> [Your instructions] Every line from the one with "五江湖缘起:任选两个模式都可" to the end of the listing, and nothing else, is to be printed exactly; please leave the pictures out.

> [Dataset section]
***
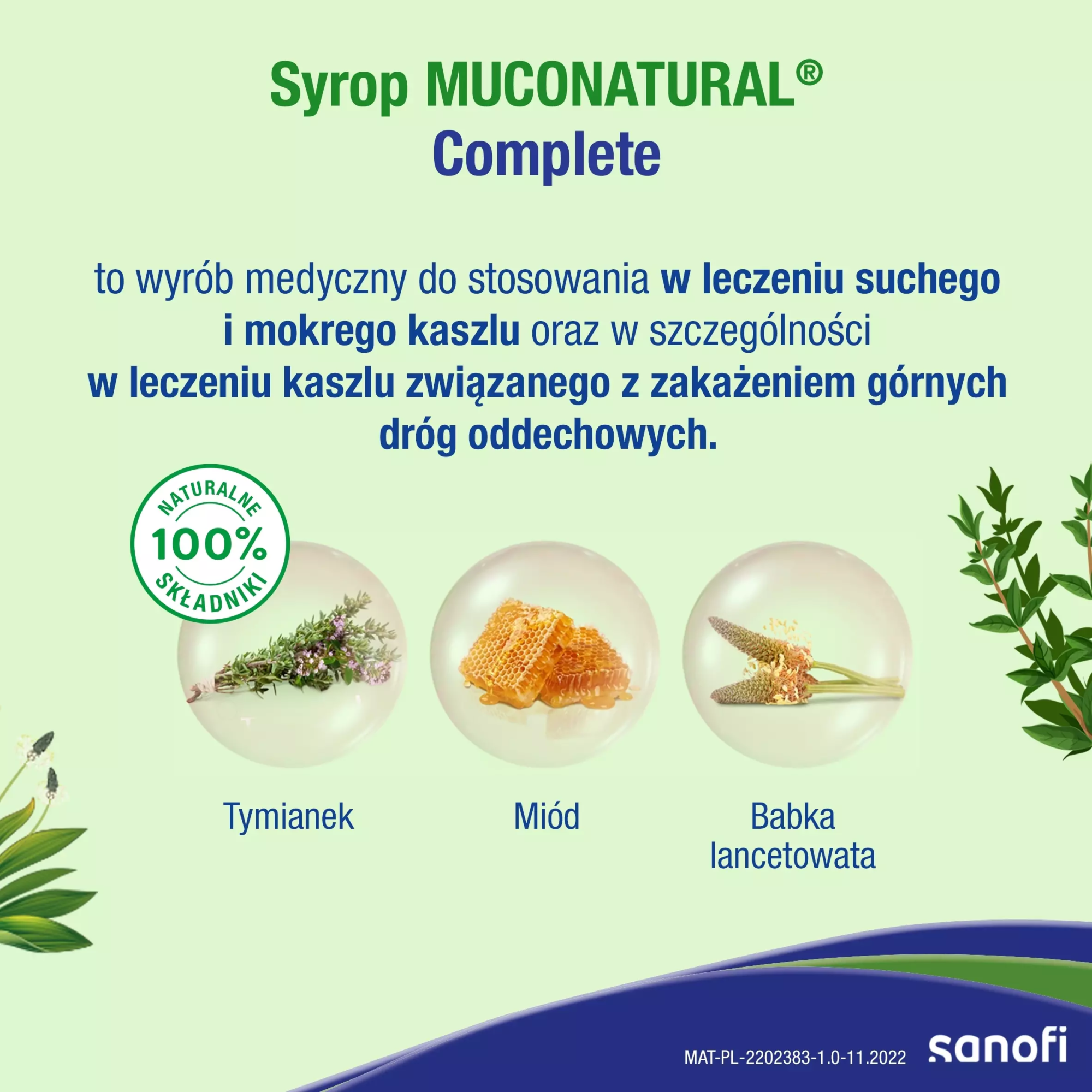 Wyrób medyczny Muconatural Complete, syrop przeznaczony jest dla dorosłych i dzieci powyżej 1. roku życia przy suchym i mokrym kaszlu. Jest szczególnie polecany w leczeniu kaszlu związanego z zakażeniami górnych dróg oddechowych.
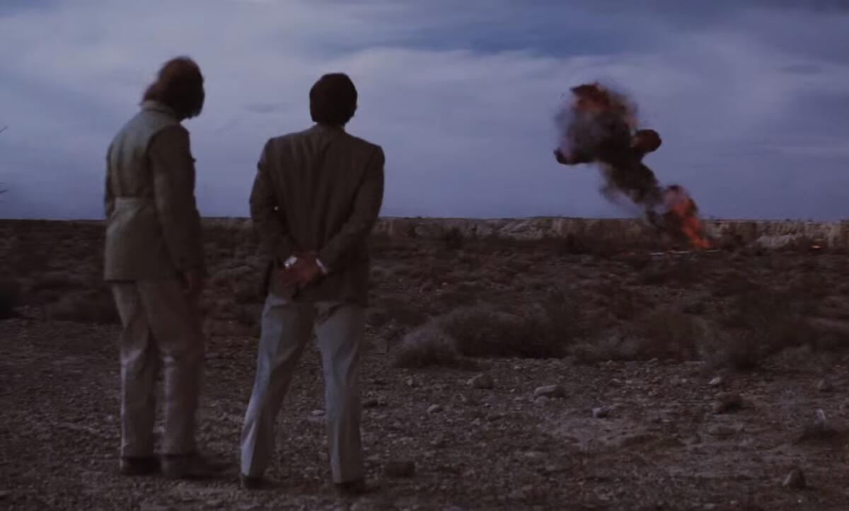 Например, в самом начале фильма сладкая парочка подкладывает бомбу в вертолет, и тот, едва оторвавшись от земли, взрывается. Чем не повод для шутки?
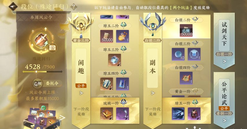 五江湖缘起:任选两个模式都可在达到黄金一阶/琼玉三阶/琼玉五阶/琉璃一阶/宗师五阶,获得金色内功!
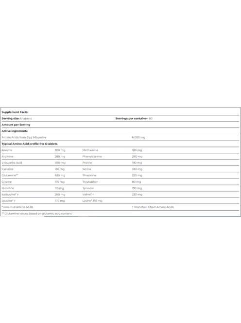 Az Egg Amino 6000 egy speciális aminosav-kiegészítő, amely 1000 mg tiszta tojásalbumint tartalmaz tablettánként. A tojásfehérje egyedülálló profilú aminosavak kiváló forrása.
***
> [Exercise solution]
 五江湖缘起:任选两个模式都可在达到黄金一阶/琼玉三阶/琼玉五阶/琉璃一阶/宗师五阶,获得金色内功!
 Az Egg Amino 6000 egy speciális aminosav-kiegészítő, amely 1000 mg tiszta tojásalbumint tartalmaz tablettánként. A tojásfehérje egyedülálló profilú aminosavak kiváló forrása.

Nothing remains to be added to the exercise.